O incesto é um traço humano universal, vigente entre todos os povos de todas as épocas; o que precisaria ser explicado é a ausência do incesto (deMause,1988:274). Um tema tão vasto requer que se tome "incesto" no seu sentido mais geral possível, pós 1970. Isso inclui, por exemplo, a prática comum na era vitoriana de aplicar lavagens às crianças com frequência (penetração anal feita por alguém da família = incesto). Temos de agradecer que deMause não tenha esbarrado com o fato de que o já mencionado Luiz XIII, quando adulto, sujeitou-se a si mesmo a 214 lavagens num ano (Raynaud, 1862:143). Seu filho, o Rei-Sol, que, como a maioria de sua corte, também seguia esse tratamento, parece ter se divertido com uma comédia cujas piadas são amplamente baseadas em lavagens, Le malade imaginaire.

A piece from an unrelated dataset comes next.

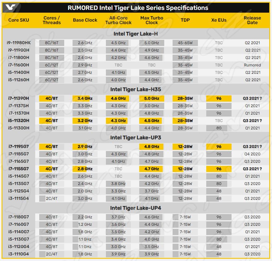 Intel (인텔)의 소매 업체 및 OEM번째 4가지 모델에 대한 예상, 예측, 루머, 소문등이 나왔습니다. 모델에는 Tiger Lake-U 2개 , Tiger Lake-H CPU 2개가 포함되어 있다는 예상, 예측, 루머 소문의 이었습니다. Intel (인텔)은 출시 예정, 예측, 루머, 소문의 Tiger Lake-H SKU에 대한 새로운 정보에 대한 제공하는 이유가 무엇인지 궁금해하는 이야기도 있었습니다. 하지만 새롭게 출시 예정, 예측, 루머 소문 라인업의 주인 쿼드 코어를 특징으로 H35변형을 위한 것으로 보이며, H45 변형에 대해서는 2021년 중반에 출시될 것이라는 예상, 예측, 루머 소문의 정보가 나왔습니다.

As teses de deMause e Ariès são importantes. Uma faz uma afirmação sobre a natureza de nossa espécie - a espécie que abusa de crianças. A outra faz uma afirmação um pouco mais sutil a respeito da natureza de nossas concepções mutantes sobre nós mesmos, sobre o que significa ser uma pessoa. Quando olhamos para trás, para homens famosos, mortos há muito tempo, ninguém se importa, exceto os biógrafos, se Alexander Mackenzie era um molestador de crianças, se Lewis Carroll era um pederasta e não um pedófilo, ou se os reis da França apreciavam suas lavagens. Mas há uma acusação "pessoal" que importa, já que a pessoa tem um papel tão importante na nossa visão contemporânea de nós mesmos. Refiro-me a Freud e à famosa acusação contra ele feita por Jeffrey Masson (1984). Freud, de início, atribuiu os sintomas histéricos ao incesto infantil e ao ataque pelo pai. Mais tarde ele decidiu que seduções e molestamentos eram fantasias, e não reais, e eram a causa mais frequente da neurose. Mas, diz Masson, Freud e seus contemporâneos tinham ampla evidência de abuso sexual e (culpadamente) recusaram-se a tomar conhecimento dela. Isso não significava um fracasso moral, um "assalto à verdade", como diz Masson, deliberado?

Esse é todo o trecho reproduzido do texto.